EXERCISE INSTRUCTIONS: Please retype, word for word, the line containing "Назвала ВОЗДУШНЫЙ. длина" and every line after it through the end of the records, leaving out all pictures.

(Stored data entries)

::::

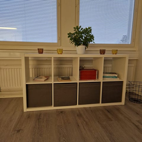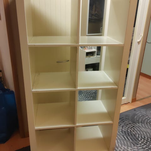 Hyväkuntoinen ikea kallax hylly. Valkoinen pohjassa tassut.
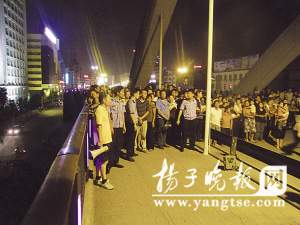 據(jù)悉,這名男子是陜西紫陽人,姓胡,原先在無錫打工,10天前辭職投奔在丹陽做餐飲生意的表哥黃某。也許餐館經(jīng)營不景氣,黃某沒幾天就將其辭退。當(dāng)晚,他拿著結(jié)賬后到手的40元薪水在陵口鎮(zhèn)某網(wǎng)吧過了一夜。5日上午,情緒極其低落的他乘車來到丹陽市區(qū)。傍晚時分,他買了一瓶白酒喝下一半后,爬上云陽大橋的中央拱頂欲跳橋輕生。
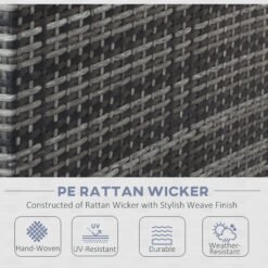 Transform your outdoor space into a haven with the Outsunny rattan garden furniture set. Designed for garden enthusiasts, this exquisite ensemble includes two elegant two-seater sofas, a chic coffee table, and a spacious storage trunk. Crafted with a robust metal frame and wrapped in weather-resistant wicker, it promises durability and style. Plush cushions ensure unparalleled comfort for long hours of relaxation, making every gathering a seamless blend of elegance and ease.
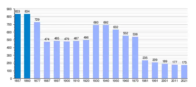 | Gráfica de evolución demográfica de Viver y Serrateix[6] entre 1857 y 2021 |
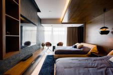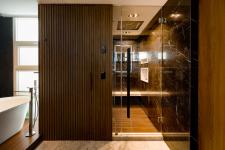 The match between the black and white marbles with the neutral shades of the color palette, greet the different accents of the golden elements as well as the attractive suspended lamps. In the bedrooms wallpaper was used to emphasize the necessary warmth for the private zones as well as acoustic comfort.
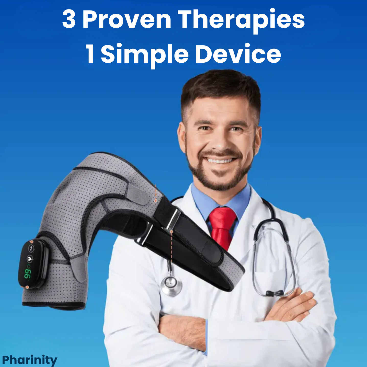 Most shoulder braces only immobilize the joint or provide mild compression — which can actually make stiffness and pain worse. The ThermaPulse™ 3-in-1 Shoulder Therapy Brace goes further, combining targeted heat therapy, soothing massage pulses, and adjustable support to relieve pain at the source. Its gentle warmth boosts circulation, while the rhythmic massage relaxes tight muscles and restores mobility. Designed with physiotherapists, it fixes the problems that made traditional braces uncomfortable and ineffective.
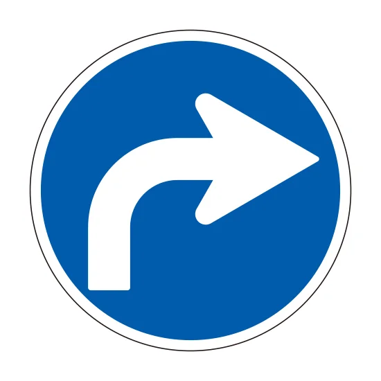 片面表示右折のみの進行ルールを、見やすく伝えられる構内標識です。
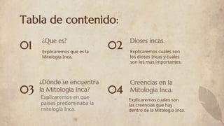 La mitología inca se originó en el área de Cusco en Perú y predominaba en los países andinos como Perú, Bolivia y Ecuador. Los dioses más importantes eran Inti, el dios del sol; Viracocha, el dios creador; y Pachamama, la diosa de la tierra y la fertilidad. Las creencias incas incluían la adoración de la luna, la importancia de los ciclos lunares en la agricultura, y la noción de dualidad entre conceptos como el día y la noche.
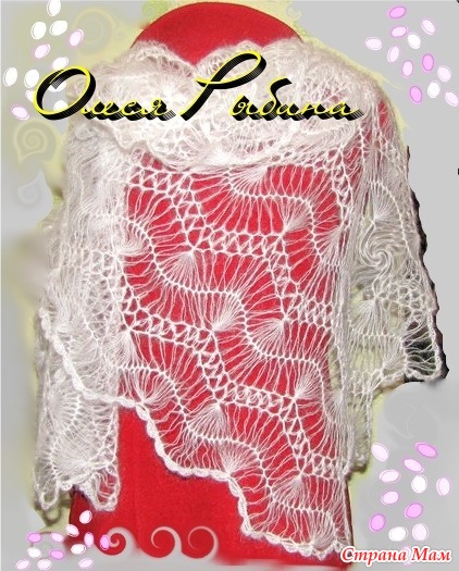 Назвала ВОЗДУШНЫЙ. длина 2м, ширина 54 см. обсуждали вязани тут https://www.stranamam.ru/post/4066145/?page=3#com26276808. очень удобный МК. Использовала нитки КИД-МОХЕР от ALIZE 25г 250 м,68% кид мохер,32% полиамид. вес 65 г, ушло 2,5 мотка. связан из 5 полос по 680 петель каждая. полоса собрана в ракушки по 10 петель(на схеме нарисовано 12), соединение соломоновыми петлями. обвязка на ваше усмотрение. осталась не совсем довольна нитками-"лезут"
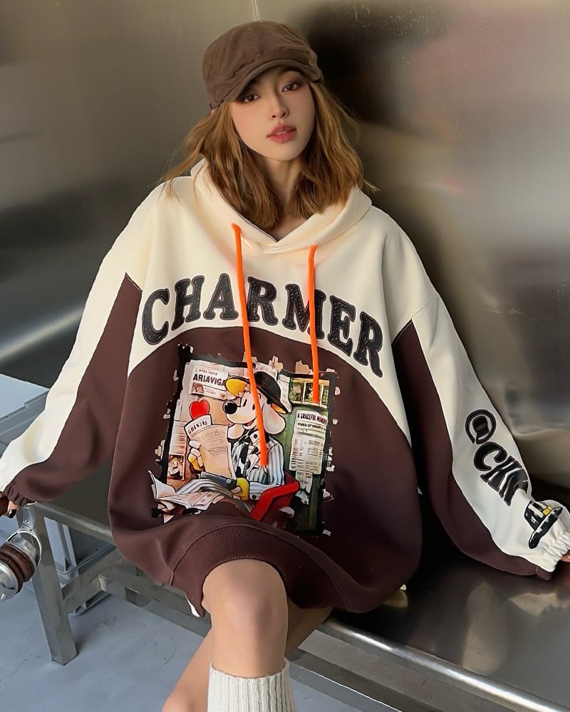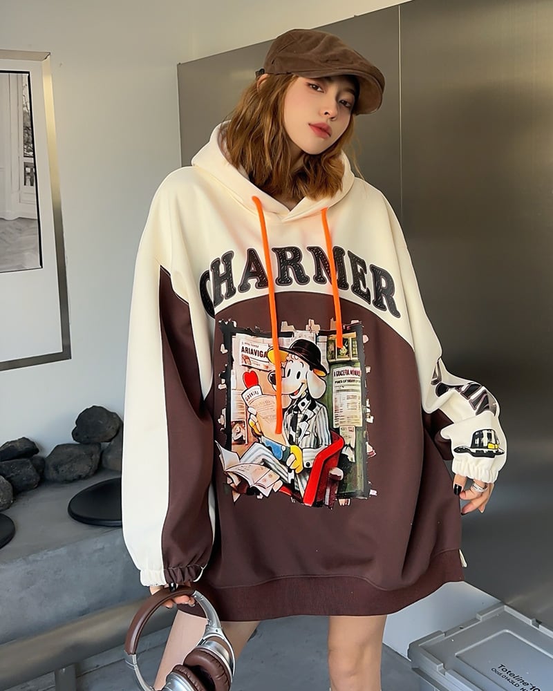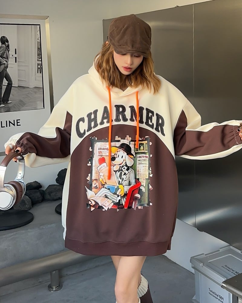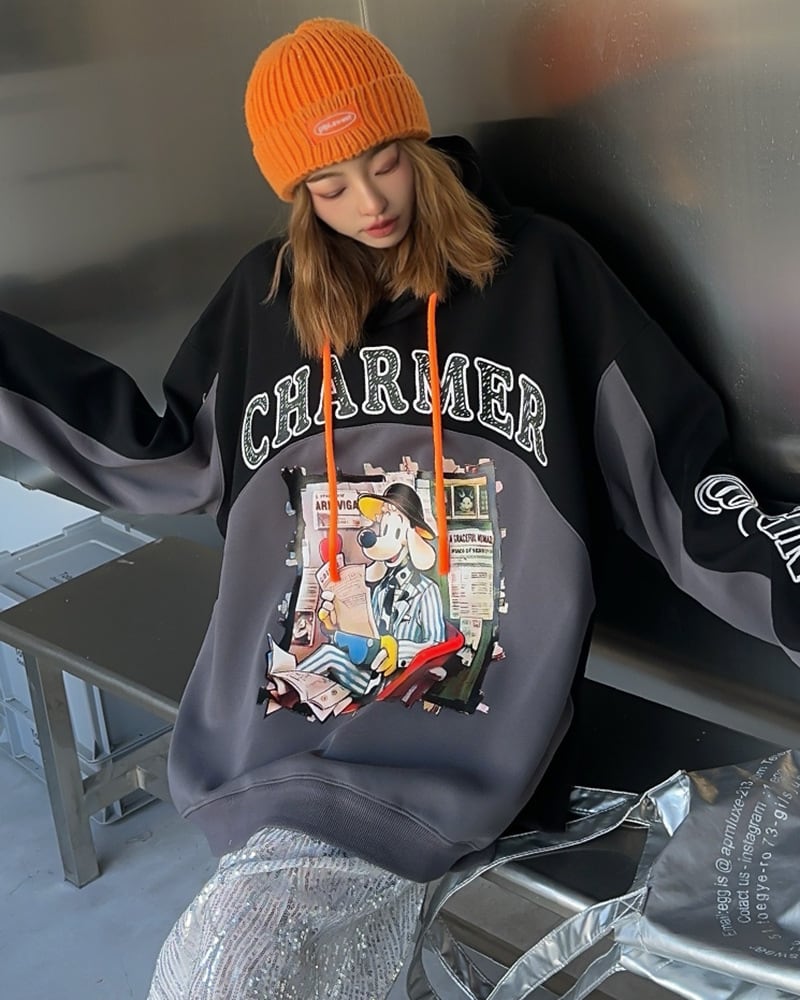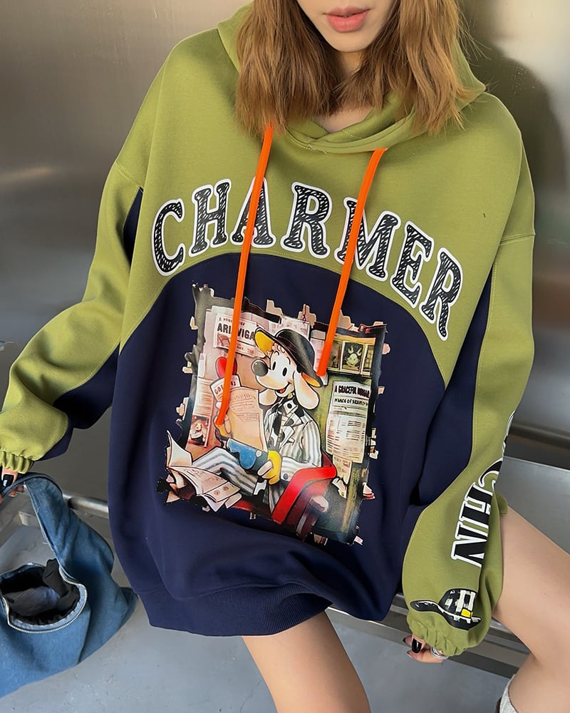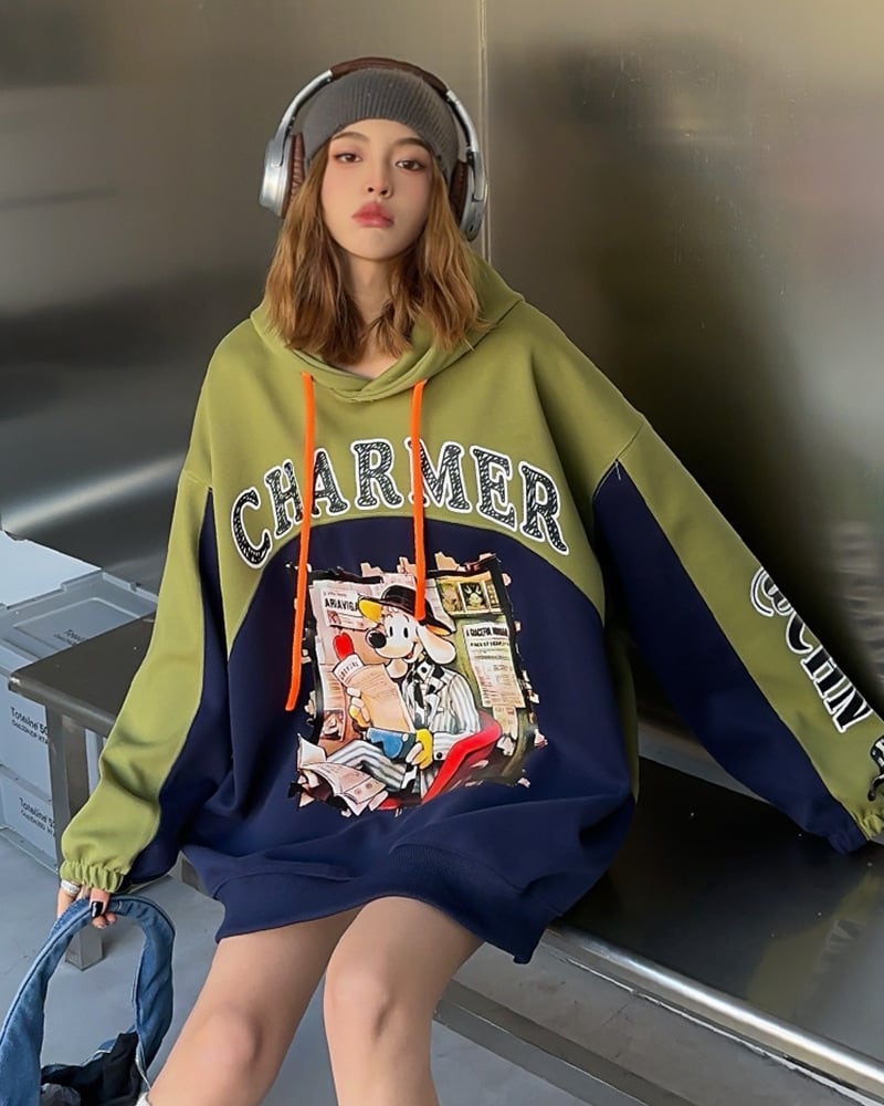 最新作プリントロゴ切り替えフード付きパーカ全3色オーバーサイズトップスins-4790
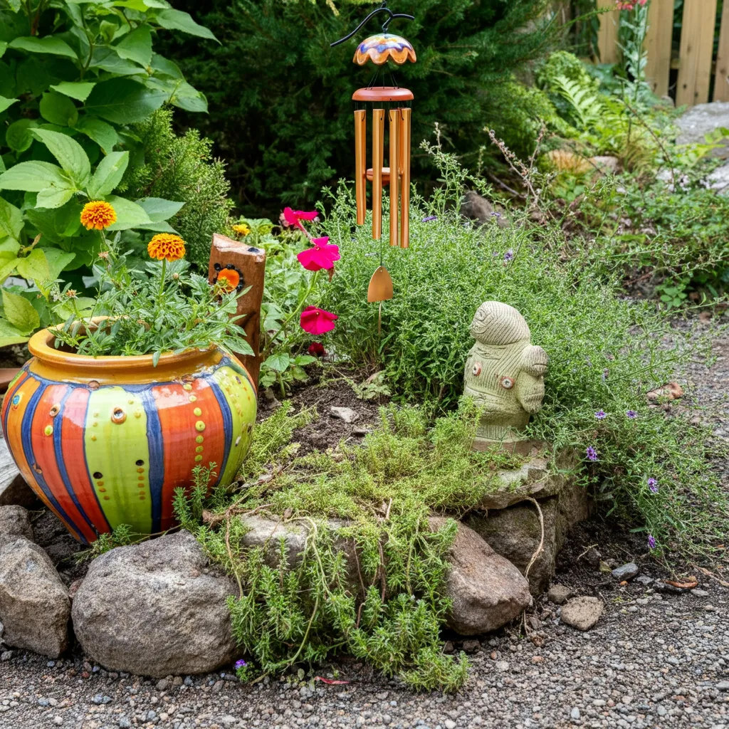 A unique sculpture, a colorful ceramic pot, or a whimsical wind chime can add a personal touch. Choose pieces that reflect your style and integrate them into your planting scheme.
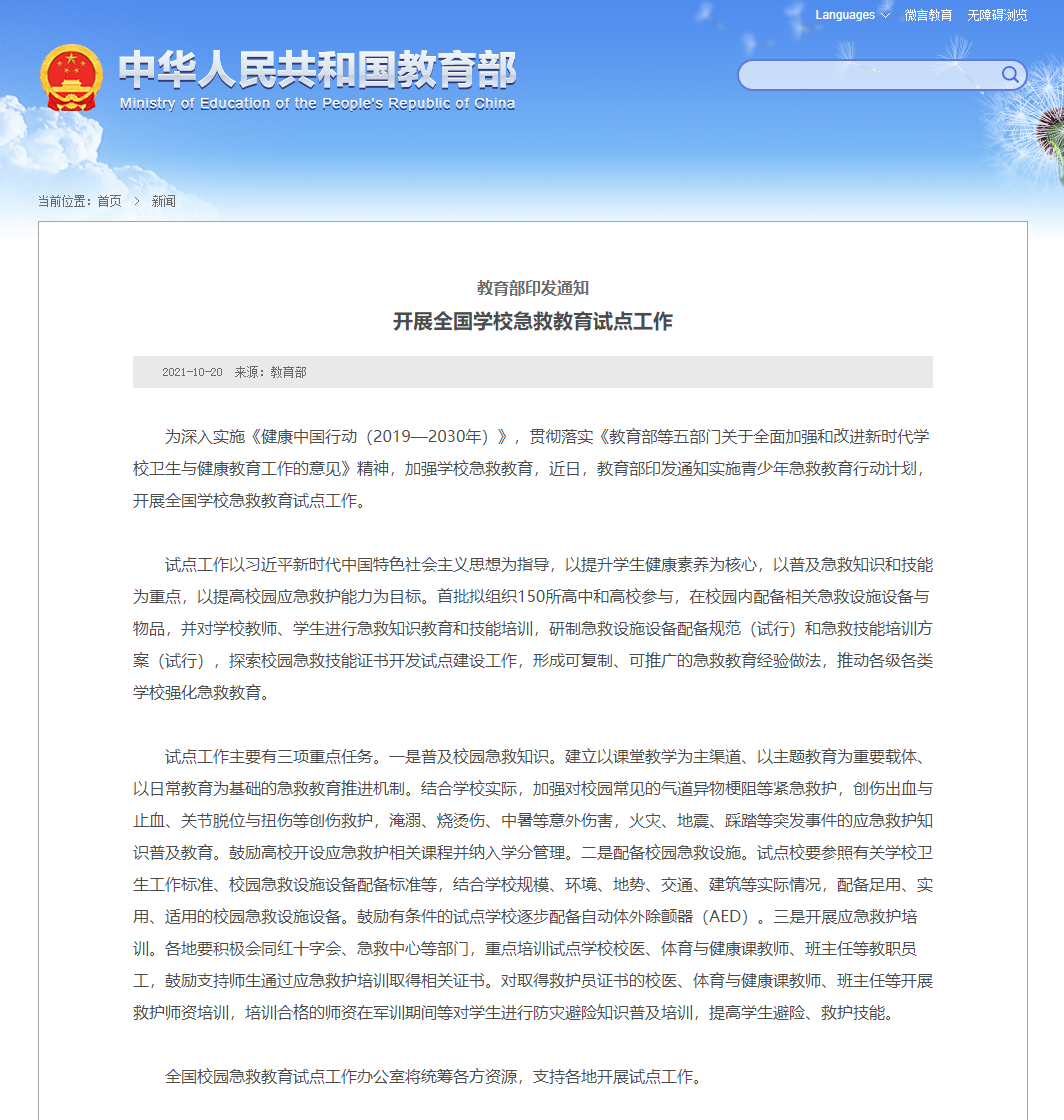 教育部近日印发通知实施青少年急救教育行动计划,开展全国学校急救教育试点工作,首批拟组织150所高中和高校参与。重点任务包括普及校园急救知识、配备校园急救设施和开展应急救护培训。将加强对校园常见的气道异物梗阻等紧急救护,创伤出血与止血、关节脱位与扭伤等创伤救护,淹溺、烧烫伤、中暑等意外伤害,火灾、地震、踩踏等突发事件的应急救护知识普及教育。(记者王鹏)
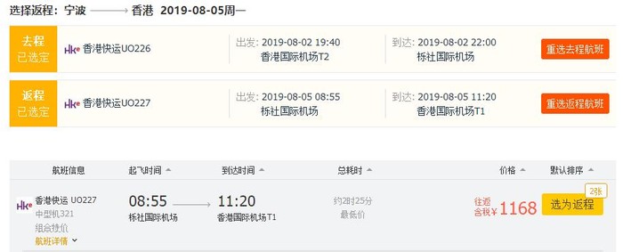 香港=宁波,往返含税1168元,8月上旬出发;

::::

EXPECTED ANSWER:
 Назвала ВОЗДУШНЫЙ. длина 2м, ширина 54 см. обсуждали вязани тут https://www.stranamam.ru/post/4066145/?page=3#com26276808. очень удобный МК. Использовала нитки КИД-МОХЕР от ALIZE 25г 250 м,68% кид мохер,32% полиамид. вес 65 г, ушло 2,5 мотка. связан из 5 полос по 680 петель каждая. полоса собрана в ракушки по 10 петель(на схеме нарисовано 12), соединение соломоновыми петлями. обвязка на ваше усмотрение. осталась не совсем довольна нитками-"лезут"
 最新作プリントロゴ切り替えフード付きパーカ全3色オーバーサイズトップスins-4790
 A unique sculpture, a colorful ceramic pot, or a whimsical wind chime can add a personal touch. Choose pieces that reflect your style and integrate them into your planting scheme.
 教育部近日印发通知实施青少年急救教育行动计划,开展全国学校急救教育试点工作,首批拟组织150所高中和高校参与。重点任务包括普及校园急救知识、配备校园急救设施和开展应急救护培训。将加强对校园常见的气道异物梗阻等紧急救护,创伤出血与止血、关节脱位与扭伤等创伤救护,淹溺、烧烫伤、中暑等意外伤害,火灾、地震、踩踏等突发事件的应急救护知识普及教育。(记者王鹏)
 香港=宁波,往返含税1168元,8月上旬出发;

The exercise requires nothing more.